CVE-2021-34888
Description
This vulnerability allows remote attackers to disclose sensitive information on affected installations of Bentley View 10.15.0.75. User interaction is required to exploit this vulnerability in that the target must visit a malicious page or open a malicious file. The specific flaw exists within the parsing of JT files. The issue results from the lack of proper validation of user-supplied data, which can result in a read past the end of an allocated buffer. An attacker can leverage this in conjunction with other vulnerabilities to execute arbitrary code in the context of the current process. Was ZDI-CAN-14841.
AI Insight
LLM-synthesized narrative grounded in this CVE's description and references.

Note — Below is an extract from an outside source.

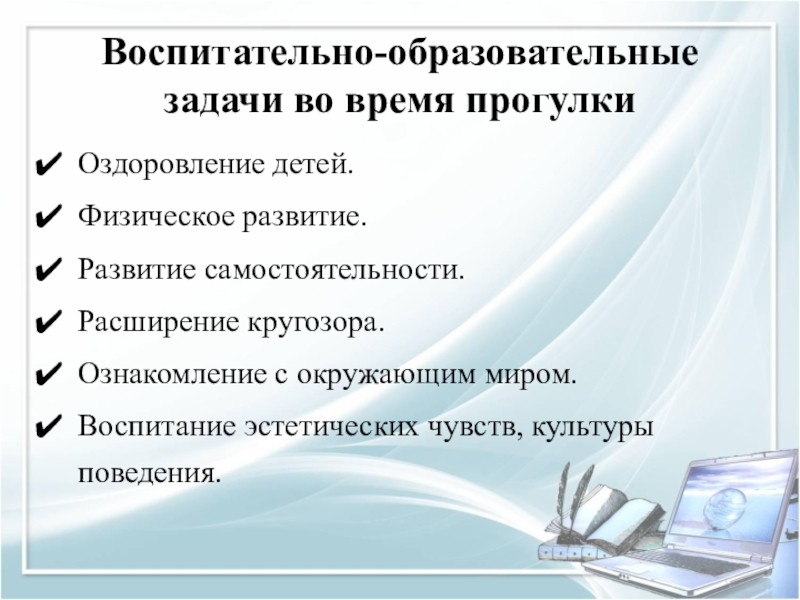 Слайд 42Воспитательно-образовательные задачи во время прогулки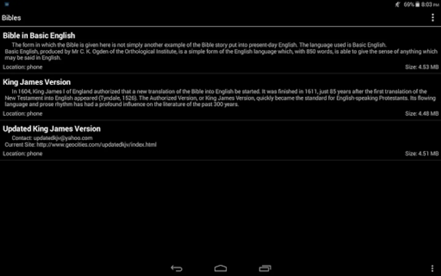 This application serves to reading bibles in different translations. Once you download or import bible and then you read bibles offline.

Bentley View 10.15.0.75 contains an out-of-bounds read vulnerability in JT file parsing, potentially leading to information disclosure and code execution.
Vulnerability
CVE-2021-34888 is an out-of-bounds read vulnerability in the JT file parsing component of Bentley View 10.15.0.75 (and possibly earlier versions). The issue stems from the lack of proper validation of user-supplied data while parsing JT files, which can result in a read past the end of an allocated buffer [1][2]. The vulnerability affects Bentley View and other MicroStation-based applications as per the vendor advisory [1]. The specific flaw exists within the parsing of JT files and was assigned ZDI-CAN-14841 [2].
Exploitation
Exploitation requires user interaction; the target must visit a malicious page or open a malicious JT file [2]. An attacker can craft a JT file that triggers the out-of-bounds read when opened in Bentley View. No authentication or special privileges are needed beyond enticing the user to open the file. The attack vector is local (AV:L) and the complexity is low (AC:L) [1][2]. According to the vendor advisory, the CVSS v3.1 score is 7.8 (AV:L/AC:L/PR:N/UI:R/S:U/C:H/I:H/A:H) [1].
Impact
Successful exploitation allows an attacker to read sensitive information beyond the bounds of an allocated buffer. This information disclosure could be used in conjunction with other vulnerabilities to achieve arbitrary code execution in the context of the current process [1][2]. The impact on confidentiality, integrity, and availability is high according to the vendor CVSS score [1]. The ZDI advisory assigns a lower CVSS score of 3.3 (confidentiality only) but notes the potential for code execution when combined with other flaws [2].
Mitigation
Bentley released an advisory (BE-2021-0005) on December 7, 2021, addressing this vulnerability and recommending users update to the latest version of MicroStation or MicroStation-based applications [1]. The specific fixed version for Bentley View is not explicitly stated in the provided references, but the vendor advisory covers multiple CVEs and suggests applying the latest update. Users should upgrade to the most recent build of Bentley View or MicroStation as per Bentley's guidance [1]. If updating is not possible, avoid opening JT files from untrusted sources.
AI Insight generated on May 27, 2026. Synthesized from this CVE's description and the cited reference URLs; citations are validated against the source bundle.
Affected products
2- Range: = 10.15.0.75
- Bentley/Viewv5Range: 10.15.0.75
Patches
0No patches discovered yet.
Vulnerability mechanics
AI mechanics synthesis has not run for this CVE yet.
References
2- www.bentley.com/en/common-vulnerability-exposure/BE-2021-0005mitrex_refsource_MISC
- www.zerodayinitiative.com/advisories/ZDI-21-1477/mitrex_refsource_MISC
News mentions
0No linked articles in our index yet.